The stage of lighting the fire, however, was further off than she realized, and she was obliged to sit huddled in her fur coat, opening letters with mottled, shaking hands that were turning rapidly purple, while the charwoman made an excruciating raking sound at the grate, put up an elaborate and exceedingly deliberate erection of coal, sticks, and newspaper, and finally applied to it a match which resulted in a little pale, cold flame which did not seem to Char productive of any warmth whatever.

She sat at her table and wrote:

"DEAREST BRUCEY,

"Will you send me every woollen garment I have in the world, please? Preston will find them. The cold here is quite appalling, and, of course, one feels the absence of proper heating arrangements at the Hostel terribly. It is, however, naturally much more convenient for me to be able to give more time to the work, which is fearfully heavy after my absence, and will probably increase every day now. I am writing from the office, having been able to get in very early. It might not be a bad plan, later on, to put in a couple of hours' work before breakfast, but please don't let the suggestion dismay you! I shall move into rooms as soon as my secretary can find some, and probably send for Preston. She could be quite useful to me in several ways.

"There is a mountain of papers on my table, all waiting to be dealt with, so I can't go on writing; but I know how much you wanted to hear if the Hostel had proved at all possible. Don't worry, dear old Brucey, as I really can manage perfectly well for the present, in spite of the bitter cold and poor Mrs. Bullivant's hopeless bad management. She had not even arranged for my box to be taken upstairs; and as for hot water, decently served meals, or proper waiting, they are simply unknown quantities. I dare say I shall have to make one or two drastic changes. You won't forget to ring me up if there is any change in father's condition, of course. I could come out at once. This anxiety underlying all one's work is heart-breaking, but I know that I was right to decide as I did, and stick to my post.

"Yours as ever,

"CH. VIVIAN.

"P.S. – Do as you like about reading this letter to my mother."

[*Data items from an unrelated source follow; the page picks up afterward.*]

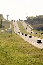 U.S. 59 enters the state just south of Chetopa and runs nearly directly north across the state. It runs concurrently with U.S. 169 starting about 5 mi (8.0 km) south of Garnett and diverges north again immediately south of Garnett. The intersection immediately south of Garnett used to be a "braided" intersection with stop and yield signs. It was identified as a high-crash location in 2001, and was rebuilt as a roundabout that opened in April 2006.[4] The Kansas Department of Transportation is rebuilding or planning to rebuild several other rural intersections as roundabouts for increased safety.[5][6] Until 2012, US 59 passed through Ottawa, Kansas, and had to be shut down or detoured every time the Marias Des Cygnes floodwall gates were closed across the highway. The highway now bypasses around Ottawa, running concurrently with Interstate 35 for 5 mi and using that highway's bridges over the Marias Des Cygnes. US 59 passes through Lawrence. The street name of US 59 in Lawrence is Iowa Street, then 6th Street as it joins U.S. 40 and jogs east to cross the Kansas River near downtown. North of the U.S. 40 and 59 Bridges, it splits with U.S. 40 as it joins U.S. 24 briefly and jogs back west before resuming a northerly course. It continues north to Nortonville, then northeast to Atchison, where it crosses the Missouri River over the Amelia Earhart Bridge.
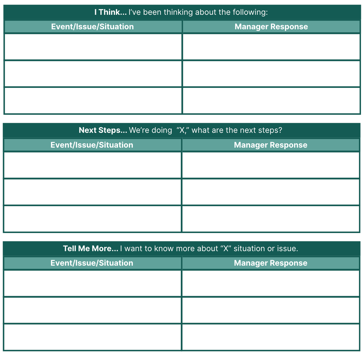 - Tell Me More...I want to know more about “X” situation or issue.
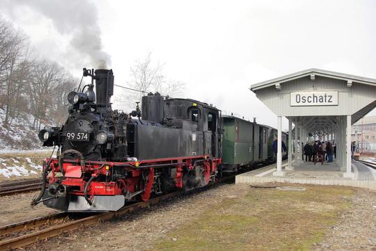 0-4-4-0T No. 99 574 awaiting departure with the afternoon train at Oschatz station on 31 March 2013.
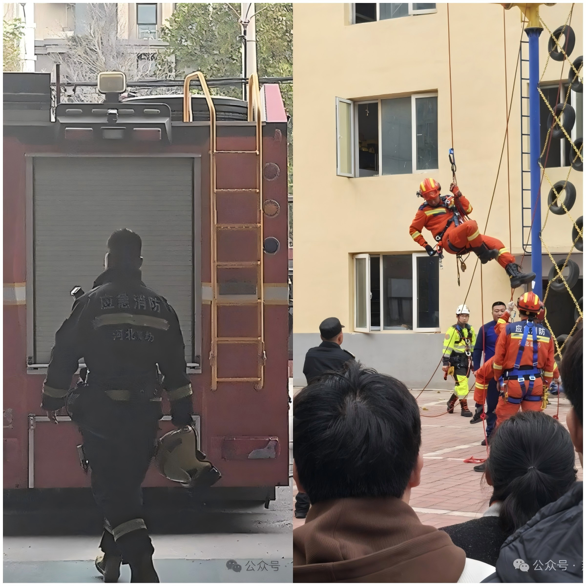 随后,师生们走进了消防员训练场,观看了消防员们的日常训练。他们动作迅速、操作熟练,在模拟火灾现场中展现出了高超的灭火技能和救援能力。他们的专注与专业深深震撼着在场的每一个人,赢得了师生们由衷的敬意与钦佩。这不仅是一次知识的传递,更是一种精神的传承,让师生们深切体会到消防工作背后所承载的责任与使命。
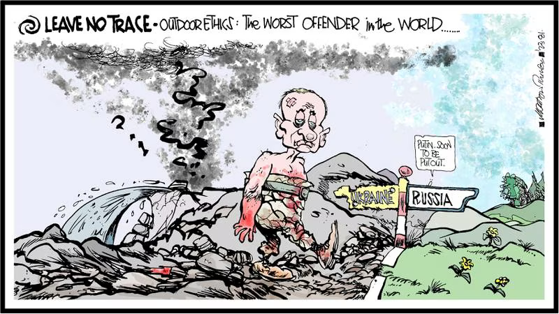 Speaking of human rights horrors, Martyn Turner notes the condition of Vladimir Putin’s soul, with a hope expressed that his failures in Ukraine might bring an end to his leadership. It could happen, but, in the meantime, it takes a particularly naive person to swallow Moscow’s contention that the Ukrainians blew up their own dam, flooding villages and destroying hectares of agricultural land.
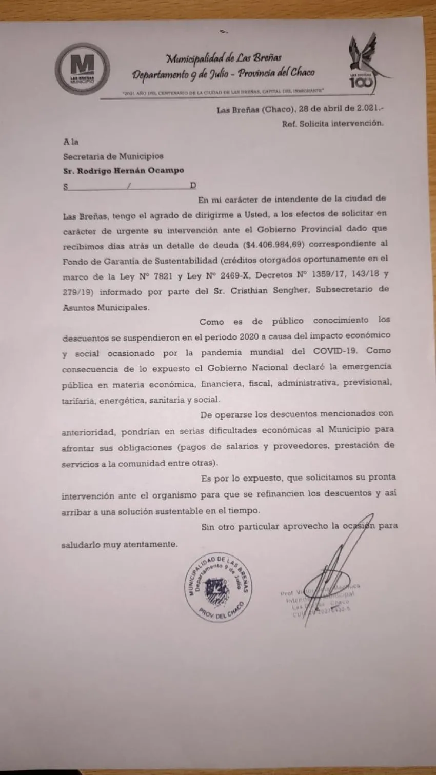 Machuca había solicitado a la cartera conducida por Rodrigo Ocampo la intervención urgente del gobierno provincial para evitar que Anses avance en el cobro de una deuda de $ 4.406.984,69 correspondiente a créditos otorgados a través del Fondo de Garantía de Sustentabilidad (FGS), ya que "de operarse los descuentos, pondrían en serias dificultades económicas al Municipio para afrontar pago de salarios y proveedores, y prestación de servicios a la comunidad".
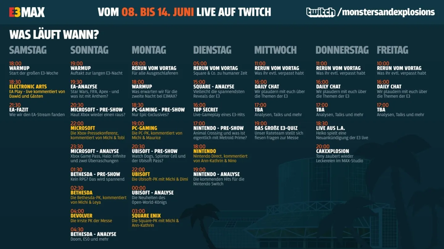 Auf dieser Messe werden meist die großen Titel der kommenden Monate angekündigt. Neben den in Los Angeles stattfindenden Presseevents gibt es für die Gamer der Welt Pressekonferenzen im Netz.
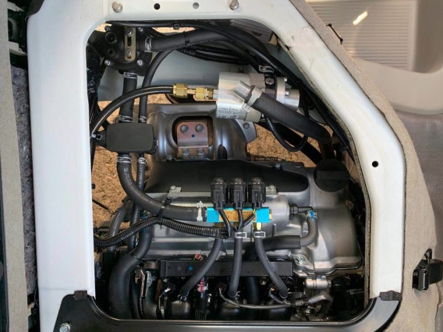 LPガスを最適な濃度でエンジンに送り込むためのインジェクターや、ベーパライザー、パワーと燃費を両立させるための専用コンピューターなどを取り付けます。

It was fairly certain in what direction Miss Bruce's "liking" would take her on the point, and it was not without satisfaction that Char felt the certainty of her voluntarily embraced hardships becoming known at Plessing.

Her letter to Miss Bruce somehow restored to her that sense of her own adequacy which physical conditions of discomfort, against which she had felt unable to react, had almost destroyed.

When Miss Jones came to work, a few minutes earlier than usual, she noted, with a regret that was not altogether impersonal, the cold, bluish aspect of her employer's complexion, and wondered if she dared infringe on Miss Delmege's cherished privilege of producing a foot-warmer.

But she was not aware that her own excellent circulation, quite unmistakably displayed in her face and in an unusually white pair of capable hands, formed a distinct addition to the sum of calamities that had befallen Miss Vivian.